A crucial emotion, important in several mental disorders, is fear. The neural circuitry of fear is well understood because fear can be reliably elicited in animal models, and because its effects can readily be measured.
Information about threatening stimuli is transmitted from the thalamus and cerebral cortex to the amygdala where it is processed; neurons carrying fear-related information then project to diverse downstream sites in the brain responsible for adaptive responses.
Anxiety, a state characterized by arousal, vigilance, physiologic preparedness, and, in humans, negative subjective states, may share some critical circuits with fear.
Because of the evolutionary conservation of key neural circuits, animal research on fear has relevance to humans. Several anxiety disorders may involve abnormal regulation of amygdala-based fear circuitry.

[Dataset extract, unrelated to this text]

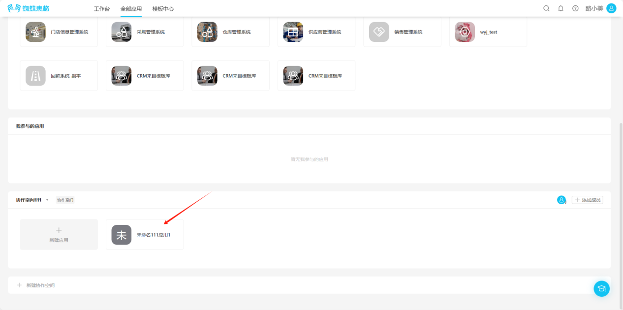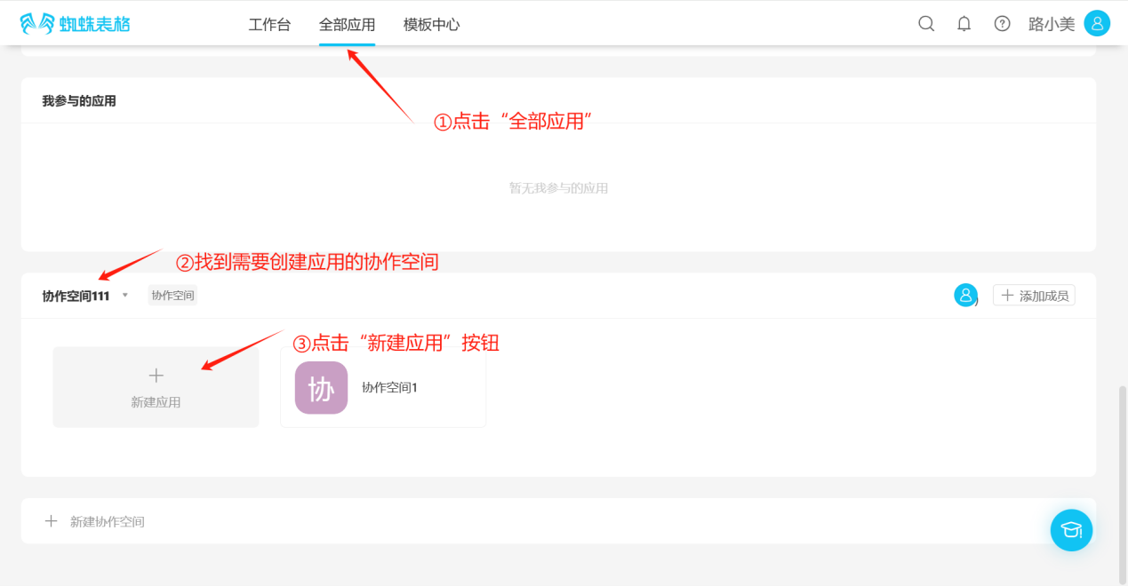 Step 1: Click "All Applications", find the collaborative space where you want to create an application, click the "Create Application" button to open the "Create Application" popup.

Mood disorders are divided into unipolar disorders, which are characterized by depression only, and bipolar disorder, which is diagnosed if the person has ever had an episode of mania.
Mood disorders are influenced by both genes and environment, with genes playing a greater role in bipolar than in unipolar disorders.

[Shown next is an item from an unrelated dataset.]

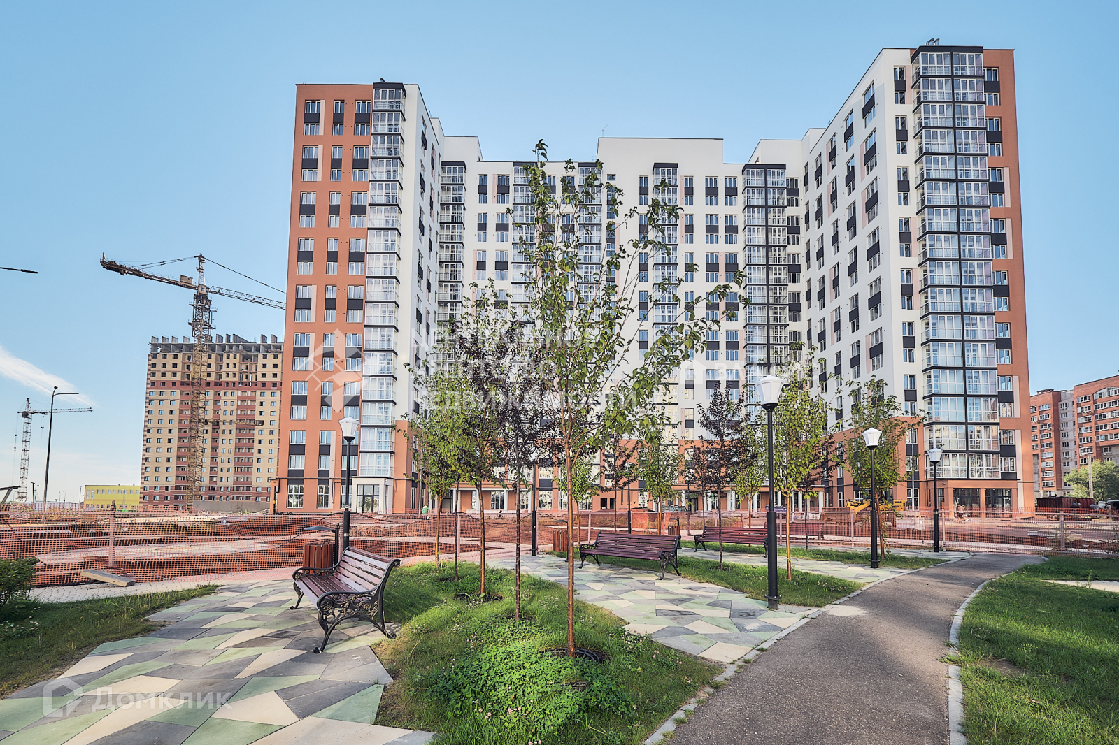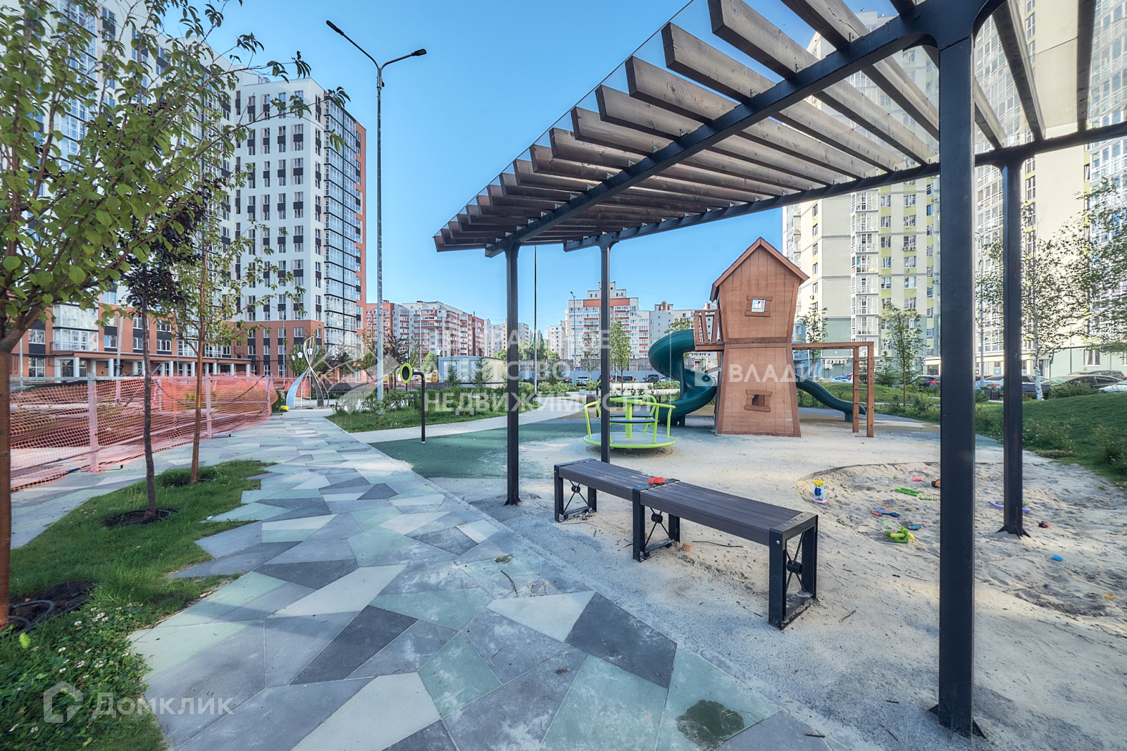 На  территории  много  зелени, красивые парковые зоны, скамеечки, фонари, несколько детских площадок.

Animal models to study mood regulation and mood disorders are far from perfect. However, in concert with human experiments involving functional neuroimaging, studies of postmortem brain tissue, and clinical trials of deep brain stimulation, a picture of mood-regulating circuits is emerging.
A subset of individuals with major depression exhibit excessive activation of the hypothalamic–pituitary–adrenal axis; thus, certain cases of depression share some physiologic mechanisms with chronic stress.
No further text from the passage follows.